Uno sguardo onesto ai sistemi di produzione attuali (come le nostre città) mostra come essi siano altamente sbilanciati in termini di consumo di risorse e come la loro esistenza sia basata sull’introitare continuamente risorse e energia, ben lungi dalla autosussistenza di lungo temine.

Se non vogliamo condannarci a un destino fatto di un trasferimento su un altro pianeta – destino ineludibile se consideriamo lo sbilanciamento di risorse nei sistemi umani che abbiamo appena descritto – possiamo solo sperare che i processi di produzione si trasformino e divengano decentrati, distribuiti, polverizzati.

Abbiamo bisogno di un nuovo modello in cui vengono prodotte le merci Just in Time: quando ce n’è esigenza, in contrasto con la produzione di massa. Per arrivare a questo dobbiamo cambiare il nostro approccio alla progettazione degli oggetti. Dobbiamo renderla collaborativa e, soprattutto, più tollerante e adattabile ai materiali e ai lavoratori che sono disponibili a livello locale.

La condivisione della conoscenza ci aiuterà a superare la mancanza di competenze, ma abbiamo bisogno di trovare nuovi modi di accedere alle materie prime di cui avremo bisogno.

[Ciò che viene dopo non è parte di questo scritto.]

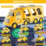 - 【EASY TO USE】- just gently push the large construction vehicle forward and they will run forward on their own. It can set off with up to 6 mini cars! Your toddler can also open the tailgate and unload the mini-vehicle. In addition, push the mini car toys forward and then let go and they will run forward on their own. The construction truck cab and the trailer behind can be separated at will, and the front end of the big truck can be turned. The pull-back design makes them go faster!
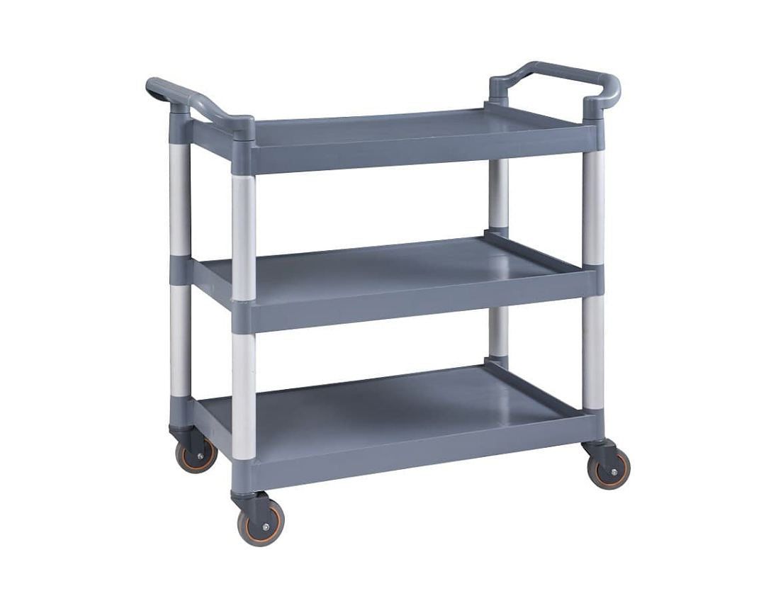 Тележка VIATTO PST03B используется на предприятиях общественного питания для перемещения готовых блюд, напитков и посуды в зал приема пищи, а также для подачи грязной посуды из зала в моечное отделение. Оснащена 3-мя полками. Тележка выполнена из пластика.
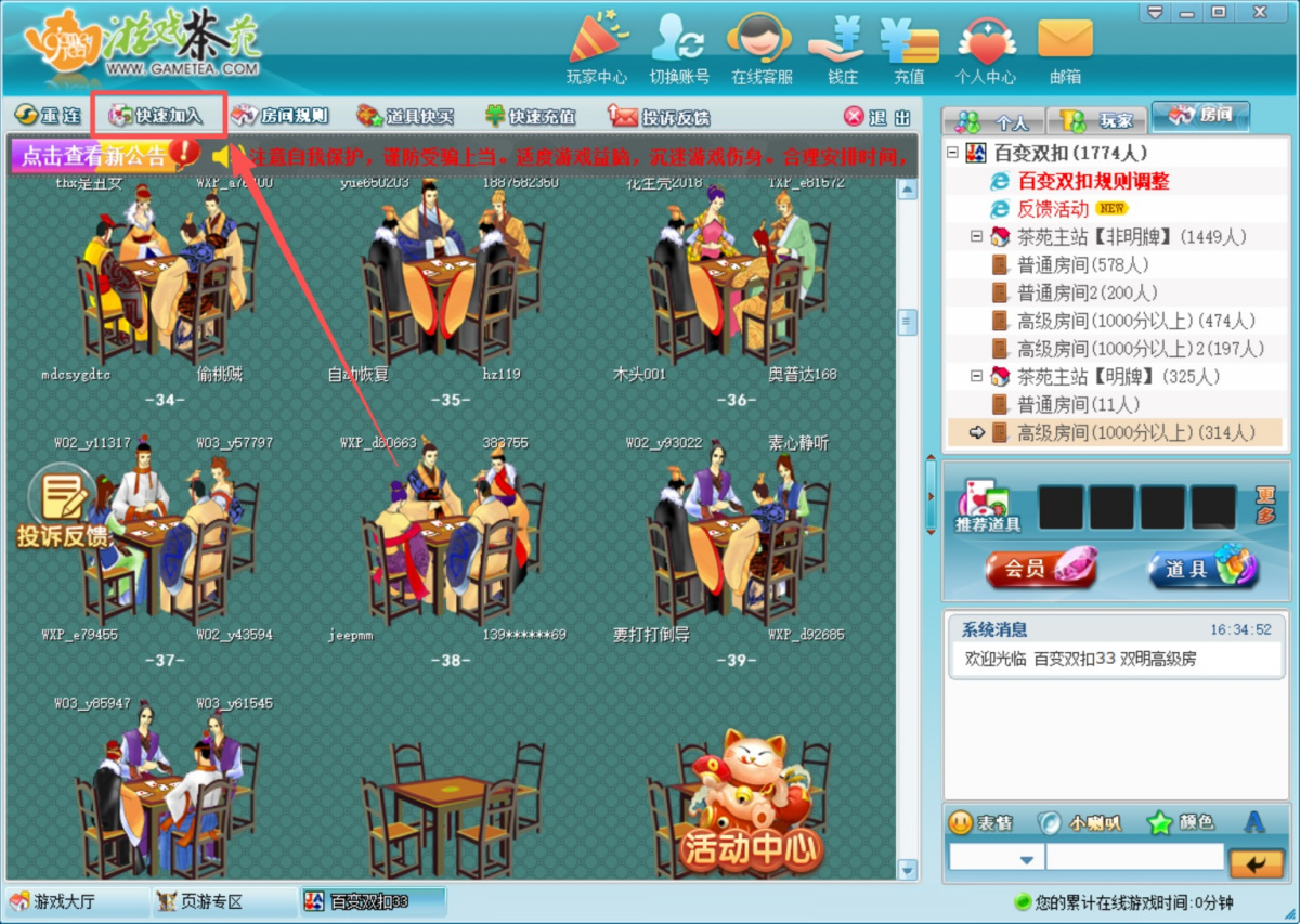 3、如果希望快速选择座位坐下,可以直接点击房间上方的“快速加入”按钮,系统会自动给您寻找空余的游戏座位,帮您加入游戏。

La progettazione degli oggetti di uso quotidiano diventerà più “invariante” a materiali disponibili, mentre allo stesso tempo saremo in grado di produrre questi stessi materiali localmente. Materiali che saranno definiti dalle loro proprietà, non dalle materie prime che li compongono.

Mentre progetti come Open Materials, Open Structures o Open Source Ecology stanno facendo grandi progressi nella progettazione di commons fisici, emergono altrettanti approcci per la creazione di oggetti di uso comune.

Progetti ambiziosi come custommade o anche l’italiano Slowd.it (che sta per lanciare la versione internazionale Slowd.eu, con l’obiettivo di creare una rete di designer e luoghi per la produzione artigianale) mostrano che la promessa che un modo diverso di relazionarsi con produzione e consumo è possibile e, da un certo punto di vista, inevitabile.